If you really want to know where I got this information from, then I lurked in the RTWH forums for a while, before registering. Having looked in the newbie FAQ and read through most of the threads that were up at the time, I was able to avoid asking the obvious questions and learn a lot about the game. I also found the Smackus Maximus guide very useful, you can read it here. This guide was invaluable to my learning how to play RTW effectively, and I recommend it to all players, although you do have to take some points with a pinch of salt. Destroying the enemies' economies won't work on the harder difficulty levels for example, because they have infinite money. The basic theory still works though and understanding it takes you well on the way to becoming a competent player. Even for M2TW, I recommend that everyone should read Smackus Maximus, the two games are very similar and even taking the differences into account, it is an extremely well-written guide that is freely available.
Some of the strategies that I have come up with using this though process were taken from the ideas of others on the forums, some were adapted from the ideas of others, some were completely of my own invention. The important thing is not where the strategy comes from, the important thing whether or not it works.

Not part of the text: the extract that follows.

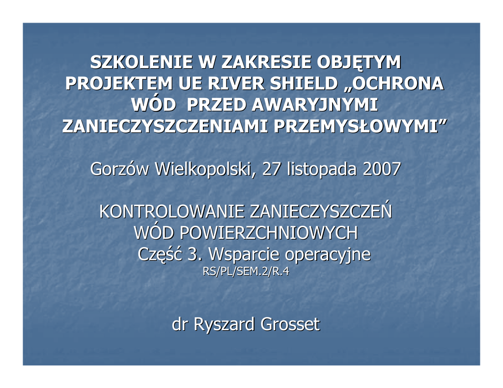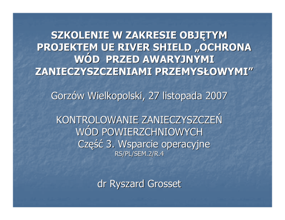 SZKOLENIE W ZAKRESIE OBJĘTYM PROJEKTEM UE RIVER SHIELD „OCHRONA WÓD PRZED AWARYJNYMI ZANIECZYSZCZENIAMI PRZEMYSŁOWYMI” Gorzów Wielkopolski, 27 listopada 2007 KONTROLOWANIE ZANIECZYSZCZEŃ WÓD POWIERZCHNIOWYCH Część 3. Wsparcie operacyjne RS/PL/SEM.2/R.4 dr Ryszard Grosset TYMCZASOWE MAGAZYNOWANIE ODPADÓW Wybór lokalizacji obszaru do tymczasowego magazynowania zależy od ukształtowania terenu, od możliwości dostępu środków transportu, a także od statusu obszaru ze względu na wymagania ochrony środowiska. n Tymczasowe osadniki gnilne, duże plastikowe worki, beczki lub samochody ciężarowe mogą być wykorzystane do potrzeb tymczasowego magazynowania odpadów poawaryjnych. n W przypadku, gdy wyciek substancji ropopochodnych zanieczyszcza odbiornik wodny lub gdy zbierany materiał musi być transportowany drogami wodnymi, zaleca się użycie jednostek pływających. Typowe jednostki pływające wykorzystywane do tymczasowego magazynowania to małe łodzie o pojemności około 2 m3. Dobrze jeśli wyposażone są one w plastikowe pokrywy lub plandeki. GOSPODAROWANIE ODPADAMI POAWARYJNYMI W celu ograniczenia ilości odpadów powstających w trakcie reagowania na awarię przemysłową, należy wziąć pod uwagę co następuje: n użycie środków reagowania powinno być wyważone i ostrożne, n sprzęt i środki zwalczania wycieków powinny być odpowiednio dostosowane do rodzaju zdarzenia z możliwością ich wielokrotnego użycia, n zastosowanie nieodzyskiwalnych materiałów i detergentów powinno być uzasadnione, n zaleca się unieszkodliwianie odpadów in-situ. GOSPODAROWANIE ODPADAMI POAWARYJNYMI n n n n n W przypadku odpadów stałych zaleca się przestrzeganie następujących zasad: nie mieszać odpadów olejowych z innymi, obszar, na którym są unieszkodliwiane lub są przechowywane odpady ropopochodnych musi być chroniony przez zastosowanie plastikowych pokryć, w przypadku, gdy gromadzona jest zanieczyszczona gleba, to zbierane w tym samym czasie ilości substancji zanieczyszczającej powinny być tak małe, jak to możliwe, konieczne jest zidentyfikowanie źródła odpadów, przed ich ostatecznym unieszkodliwieniem. GOSPODAROWANIE ODPADAMI POAWARYJNYMI W przypadku odpadów ciekłych zaleca się: n unieszkodliwienie całkowitej ilość substancji chemicznej zmagazynowanej na jednostkach pływających, n zabezpieczenie całej jednostki pływającej w celu uniknięcia akumulacji wody deszczowej, n preferowanie biodegradowalnych detergentów chemicznych, n racjonalne korzystanie z wody do mycia zanieczyszczonych materiałów, n trzymanie bliżej nieokreślonych odpadów oddzielnie, aż do momentu ich zidentyfikowania. SZKOLENIA W ZAKRESIE REAGOWANIA Podstawowe zagadnienia programu edukacyjnego są następujące: n techniki natychmiastowego reagowania i techniki ratownicze, n zdrowie i bezpieczeństwo, n użytkowanie i konserwacja sprzętu ratowniczego. Techniki natychmiastowego reagowania i techniki ratownicze Podstawowy program obejmuje: n wstępne reagowanie i mobilizację struktury reagowania, n schemat organizacji na wypadek zagrożenia i odpowiedzialność każdej z jednostek, n zapewnienie łączności między jednostkami biorącymi udział w działaniach ratowniczych, n systemy pracy, środki i metody komunikowania/łączności,. n dane o substancjach niebezpiecznych i techniki ratownicze, n wizję lokalną i ocenę awarii, n podstawowe techniki ograniczania i izolacji wycieku. Zdrowie i bezpieczeństwo Zespół bezpośredniego reagowania: jego edukacja powinna obejmować następujące zagadnienia: n wiedza na temat właściwości fizykochemicznych zanieczyszczeń oraz zagrożeń z nimi związanych, n ocena in-situ sytuacji niebezpiecznych, która uwzględnia geomorfologię terenu i warunki pogodowe, n zapewnienie bezpieczeństwa na zanieczyszczonym obszarze, n stosowanie środków ochrony indywidualnej, n bezpieczne użytkowanie sprzętu i środków chemicznych, n przewidywanie możliwości rozprzestrzeniania się wycieku, determinującego zagrożenie gruntu, wód powierzchniowych i podziemnych oraz skupisk ludzkich, n ocena potrzeby użycia dodatkowych środków reagowania, n kontrola zanieczyszczonego obszaru, n uwzględnianie niebezpieczeństw związanych z technikami ograniczania skutków i przywracania środowiska do stanu poprzedniego, n właściwe stosowanie środków łączności, n oczyszczanie i dekontaminacja personelu i sprzętu, n zagospodarowanie wytworzonych odpadów. Zdrowie i bezpieczeństwo Szkolenie zespołu ratowniczego powinno obejmować następujące zagadnienia: n wiedza na temat zagrożeń wynikających ze stosowania technik ratowniczych, n planowanie i podejmowanie odpowiednich działań zapewniających bezpieczeństwo z uwzględnieniem dostępnych środków i istniejących warunków, n identyfikacja i pomiary substancji niebezpiecznych (łatwopalnych, toksycznych) na miejscu awarii z użyciem odpowiednich przyrządów, n ocena postępu prac i potwierdzenie adekwatności działań zapewniających bezpieczeństwo, n możliwości oszacowania zakresu skutków awarii i ponowne dopasowanie działań zapewniających bezpieczeństwo w zależności od uwarunkowań, n działania specjalne, np. w sytuacjach takich jak: pojawienie się ognia, n wiedza na temat potencjalnego ryzyka związanego ze stosowaniem sprzętu ochrony osobistej (respiratory itp.), n oczyszczanie i dekontaminacja personelu i sprzętu, n bezpieczne magazynowanie, transport i unieszkodliwianie zanieczyszczonych odpadów, n wiedza na temat podstawowych danych o substancjach niebezpiecznych i stosowanych technikach reagowania, n środki pierwszej pomocy Ogólne instrukcje bezpieczeństwa: n n n n każdy, kto jest zaangażowany w działania ratownicze, musi być odpowiednio przeszkolony w zakresie prawidłowego stosowania środków ochrony osobistej, procesów oczyszczania (dekontaminacji), systemów łączności i udzielania pierwszej pomocy, nieuzasadnione przebywanie l

Well, that's pretty much it. I hope you found this useful. If you are a relative newbie at M2TW then good luck, may your campaigns be successful and most of all enjoy playing the game. If you are an experienced player, then hopefully this is a new way to consider your strategic play and I hope I have helped you. If you have any burning questions about strategic thinking, then post it in the forums or feel free to e-mail me. I can't guarantee an immediate and highly-detailed response, but I'll do my best.
May your swords always remain sharp, your arrows always fly true and your subterfuge always be successful!